Metadata-Version: 2.3
Name: mol-inspector
Version: 0.0.1
Summary: Inspect Molecular ML Models Using SHAP
License: MIT
Author: Tony Eight Lin
Author-email: tonyelin@tmu.edu.tw
Requires-Python: >=3.10
Classifier: License :: OSI Approved :: MIT License
Classifier: Programming Language :: Python :: 3
Classifier: Programming Language :: Python :: 3.10
Classifier: Programming Language :: Python :: 3.11
Classifier: Programming Language :: Python :: 3.12
Classifier: Programming Language :: Python :: 3.13
Requires-Dist: ipywidgets (>=8.1.7)
Requires-Dist: keras (>=3.0.0)
Requires-Dist: notebook (==7.0.6)
Requires-Dist: rdkit (>=2024.3.2)
Requires-Dist: seaborn (>=0.13.0)
Requires-Dist: shap (>=0.47.2)
Requires-Dist: torch (>=2.7.0)
Requires-Dist: xgboost (>=3.0.0)
Project-URL: Repository, https://github.com/tlint101/mol-inspector.git
Description-Content-Type: text/markdown

# mol-inspector - Inspect Molecular ML Models Using SHAP
![PyPI - Python Version](https://img.shields.io/pypi/pyversions/py50?style=flat&logo=python&logoColor=white)
[![License: MIT](https://img.shields.io/badge/License-MIT-brightgreen.svg)](https://opensource.org/licenses/MIT)
[![Code style: black](https://img.shields.io/badge/code%20style-black-000000.svg)](https://github.com/psf/black)

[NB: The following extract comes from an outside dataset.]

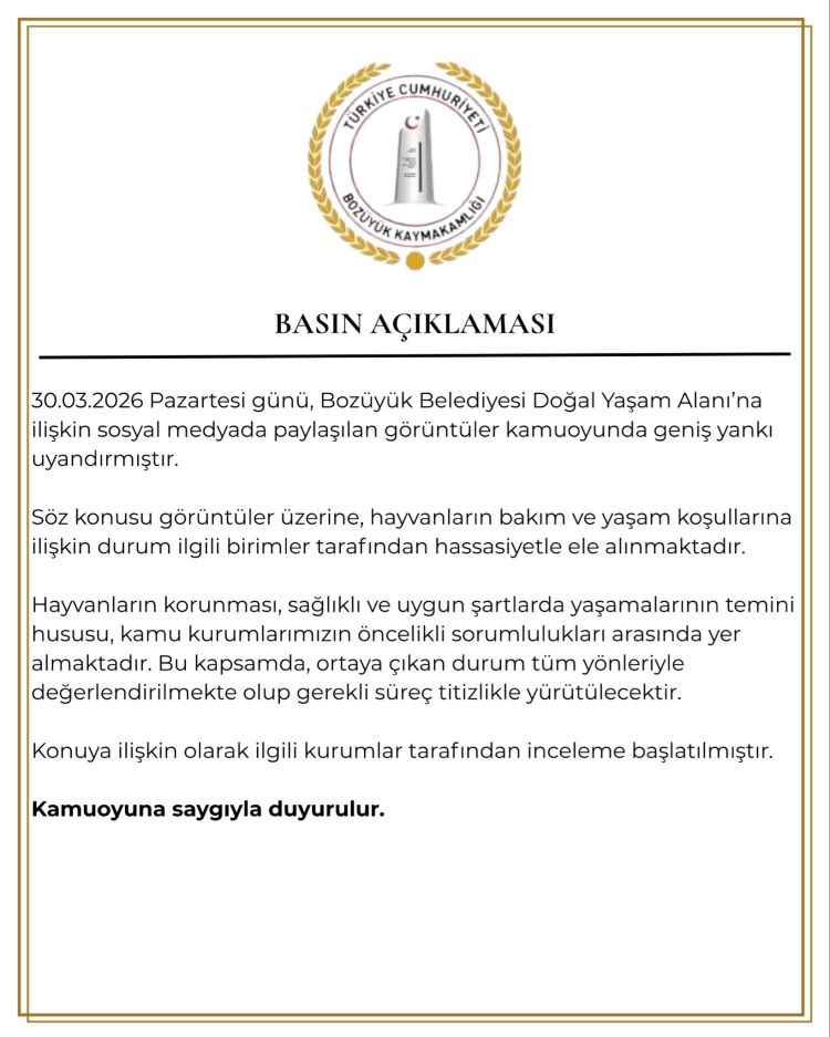 Pazaryeri Gündem / BİLECİK (İGFA) - Bilecik'in Bozüyük ilçesinde 30 Mart 2026 Pazartesi günü Bozüyük Belediyesi Doğal Yaşam Alanı’na ait sosyal medyada yayımlanan görüntüler kamuoyunda geniş yankı uyandırdı. Görüntülerdeki hayvanların yaşam koşullarına yönelik oluşan endişeler sonrasında Bozüyük Kaymakamlığı konuyla ilgili bir açıklama geldi.

This project is built on [SHAP](https://shap.readthedocs.io/en/latest/index.html) - a game theoretic approach to 
explain the output of machine learning models with figures be generated using [Seaborn](https://seaborn.pydata.org). 
While this project should be able to work with any data generated from SHAP values, it was built with molecular 
fingerprints in mind. As a result, simple methods are also included that will render molecular fingerprint bits using 
RDKit.

## Tutorials
Tutorials can be found under the [Tutorials folder](/tutorials). The aim of mol-inspector is for ease of use. Generating
SHAP values and plots can be done as follows:
```python
from mol_inspector import Inspector, Plots

# generating SHAP values
inspector = Inspector(model=model, train_feats=train_feats, model_type="auto")
values = inspector.values(test_feats)

# generating plots
plot = Plots(values, train_feats, test_feats)
plot.summary_plot()
```
Users can also import and generate shap values natively, then feed the shap values into the Plots() class to generate 
the Seaborn plots. 

## Installation
Project can be pip installable:
```
pip install mol-inspector
```
> [!NOTE]
> As my background is in cheminformatics, RDKit will also be installed. This allows for methods to draw molecular 
> fingerprint bits. I may "split" this code upon user request.

## Motivations
When experimenting with the SHAP package, I found difficulties in generating customized color palettes for my figures. 
This project seeks to remedy that by extracting the generated SHAP values and using the data to generate figures using
Seaborn. This would allow easier customization of color palettes for presentations. 

## Future Contributions
Currently only three plot types have been converted. This is due to how I implement SHAP into my projects. I welcome 
contributors or requests for additional plot options to be converted into seaborn. Just let me know!